Without knowing all that about the quake, we headed from Lima to Pisco to check out the nearby national reserve of Paracas and it's many wild animals and also to drink the local Pisco Sours - not really given the name from this exact town but we had steaks in Salsbury in the UK so why not keep the trend alive? Plus Jeff likes the sours when they are nice and cold - and I continue to find them revolting.
Pisco sucked. Probably not it's fault, but the place is in shambles and the hostel we were hoping to stay at was lost in the quake. Plan B - let some sleazy salesmen lead us to a different hotel and give us a "good deal for his friends" and stay there two nights. He was kinda annoying and at one point I finally had to tell him to leave because I needed him gone so he said he'd see us downstairs in the lobby to talk about tours later. Looking forward to it. Plan B also included letting him give us a decent price on a tour of Paracas the next day. We only had to waste time until the next morning when our tour left - which is more difficult than you might think in a town reduced to nearly nothing and barely rebuilding itself. Plus we were told numerous times to only stick to the square since the surrounding area wasn't safe. Needless to say, Pisco does not rank high on my favorites of Peru.
Paracas, however, was great! We saw tons of sea lions, a billion and a half birds (including the Peruvian Boobie), Humbolt Penguins (endangered but oh so cute), dolphins!!, and condors (yes, that could have been placed under birds but it was cool anyway). We took a boat tour from Paracas to the Islas Ballestas to see all that wild life (except the condors, that's later) and on the way we saw a huge symbol on the side of a sand dune called Candelabra - an ancient symbol they know nothing about. Just like Stonehenge. They think that maybe, sort of, kind of, perhaps, that school children in ancient BC times or maybe sailors, or who knows.
After the boat ride we toured the desert and learned more about Paracas being a protected area and saw some absolutely beautiful scenes of ocean and desert. Their other pride and joy - the "Cathedral" was a rock formation like a bridge into the water. Sadly, that bridge portion was also lost in the quake. Stinking quake. They still took us to look at it (and made us pay 5 soles) and the view was great. This is also where we saw big condors flying overhead - we'll see bigger in a few weeks in Colca Canyon so don't mind the not so awesome pictures. I'm working on it.

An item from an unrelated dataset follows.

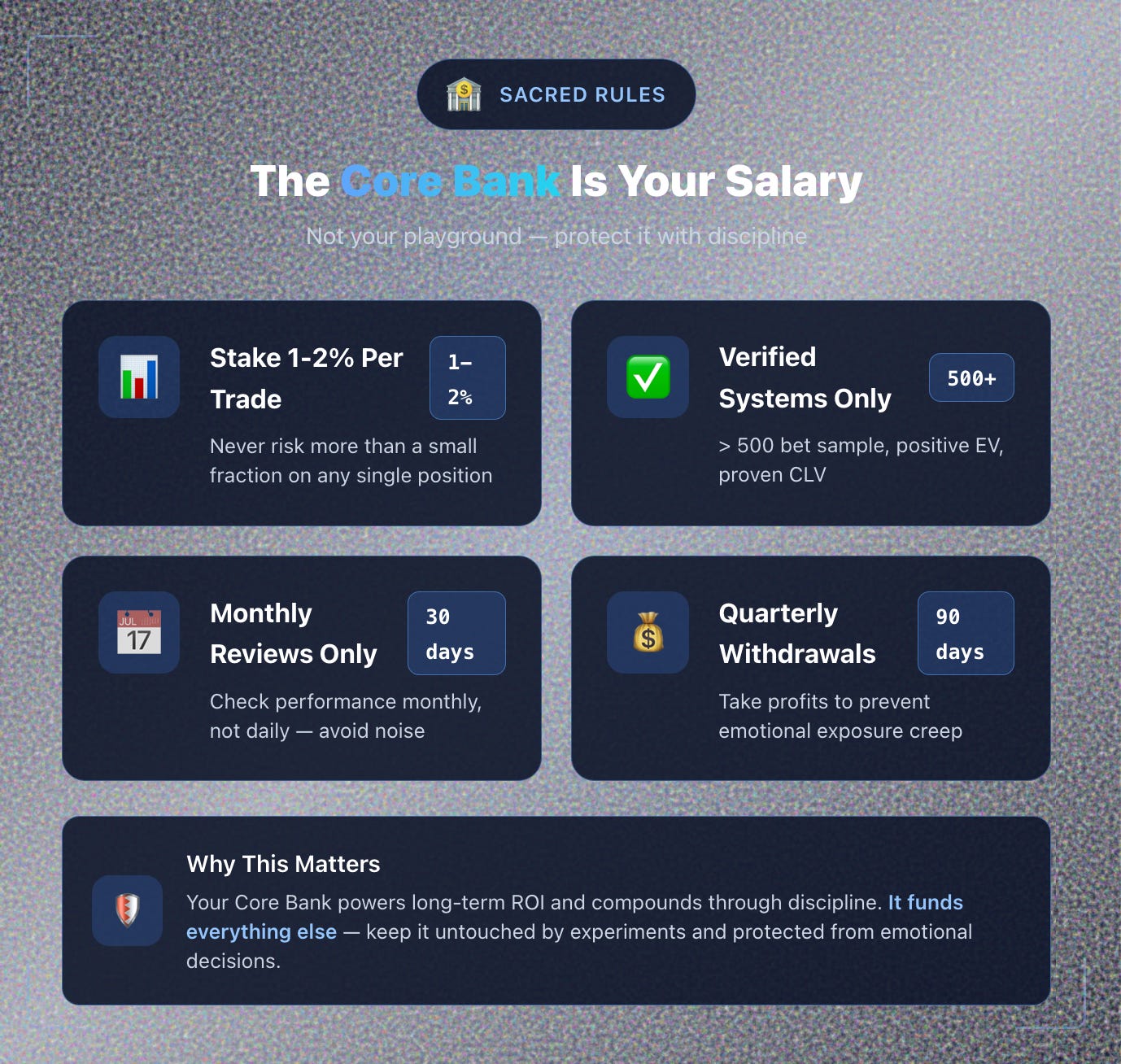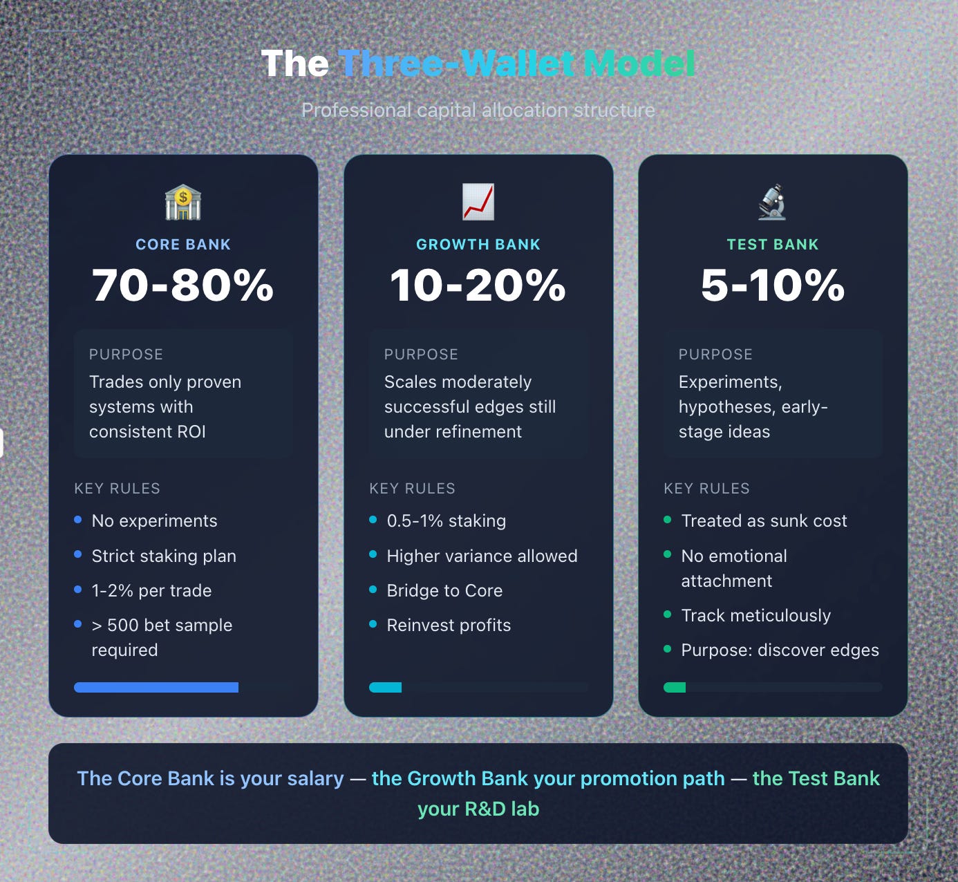 Wallet Purpose Typical Bank % Rules Core Bank Trades only proven systems with consistent ROI. 70–80% No experiments. Strict staking plan. Growth Bank Scales moderately successful edges still under refinement. 10–20% Slightly higher variance allowed. Test Bank Experiments, hypotheses, early-stage ideas. 5–10% Treated as sunk cost. No emotional attachment.

Now we're in Ica and we toured some wineries and bodegas today - and tasted many kinds of wine and pisco sours. I stopped after my first drop of Pisco (stopped the hard stuff, kept trying the wines) because I thought it would be rude to boot all over the kind tour guide's tables. That stuff is potent! They showed us all about how they make wine and pisco and were very kind and finally spoke slow Spanish for us when we pointed out we could understand them if only they'd speak up and slow it down a notch. They speak FAST here and quietly so it helps if they speak up. Plus they speak more castellano here than the espanol from Central America we're used to so words are different (it's more like Spain Spanish here). Interesting.
Tomorrow we're off to see the Nasca Lines - now those will be amazing. You just wait and see the pics I'm going to take! Oh yes!